Paradoxalement, non. Il y avait énormément de déception, ça a été très très dur de travailler toute la semaine d’une part parce que, physiquement, les GPS se sont affolés lorsqu’on a vu tous les résultats. Ça a été un match d’une très forte intensité, auquel on n’est pas forcément habitué tout le temps et on n’a pas pu vraiment s’entraîner avant jeudi. Donc, psychologiquement, on sentait bien qu’il n’y avait pas trop le goût, il y avait encore beaucoup de déception. Quand le mental ne marche pas trop bien, les jambes sont toujours plus lourdes. On s’est vraiment retrouvés sur le galop du capitaine hier (vendredi), je ne savais pas du tout comment on allait se retrouver ce soir (samedi) et j’ai été plutôt agréablement surpris par cette volonté de vouloir tenir le ballon, cette volonté de vouloir jouer, de vouloir rester dans le match. C’est bien, c’est un bon travail.

Cette victoire et cette dynamique peuvent déboucher sur quoi, sur quel objectif ? Ça change quoi pour vous ?
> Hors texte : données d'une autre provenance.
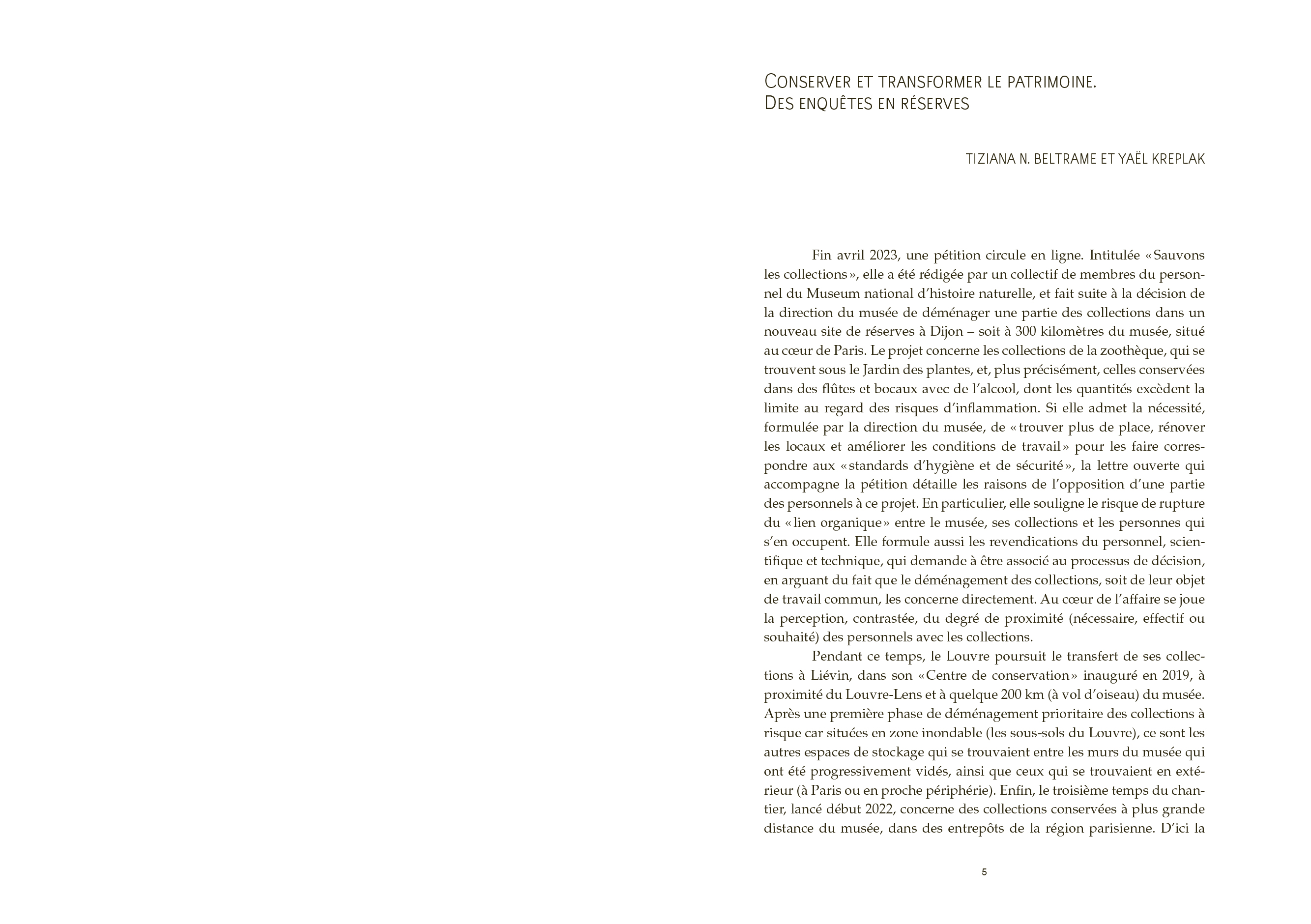Car, loin d'être un lieu dormant où reposeraient les objets entre deux expositions, les réserves se transforment depuis une vingtaine d'années. En sortant des sous-sols, en étant gérées par des professionnels dédiés, voire en s'ouvrant au public, elles s'affirment de plus en plus comme des centres de conservation voués à la préservation et à l'étude des collections – comme un autre centre du musée.

Ça ne change rien ! On a quand même trois défaites à domicile. Ce soir (samedi), c’est notre troisième victoire à l’extérieur donc on revient à zéro. La Rochelle a perdu ce soir (samedi), Pau a perdu à domicile, Oyonnax a perdu. Ça veut dire qu’on essaye de creuser un peu d’écart par rapport au fond du classement. Si on a un peu moins de pression sur les épaules, je pense qu’on aura encore cette volonté de produire, on sera plus libérés et peut-être qu’il y aura enfin des garçons qui vont se lâcher. On peut peut-être aller vers de belles surprises, on verra.

Un mot sur votre adversaire, le Stade Français. Ça doit vous faire de la peine de voir le club ainsi ?
Non. Je ne vais pas avoir de la peine ou pas, il ne faut pas être sentimental. Ce que je dis ce soir (samedi), c’est qu’on voit bien aujourd’hui que les doublons faussent le championnat. Je trouve qu’en termes d’éthique et de fair-play, notre victoire, on l’a obtenue mais ce n’est pas nous qui faisons les règlements. Mais on voit bien que, ce soir (samedi), le Stade Français est complètement pénalisé. Je crois qu’ils ont dix joueurs qui sont retenus par les différentes sélections. Ça n’enlève rien à notre performance et à notre victoire mais, en revanche, je trouve que, quelque part, pour le Stade Français qui veut chercher une qualification et va lutter peut-être avec d’autres équipes dans le ventre mou, l’éthique sportive n’est pas là.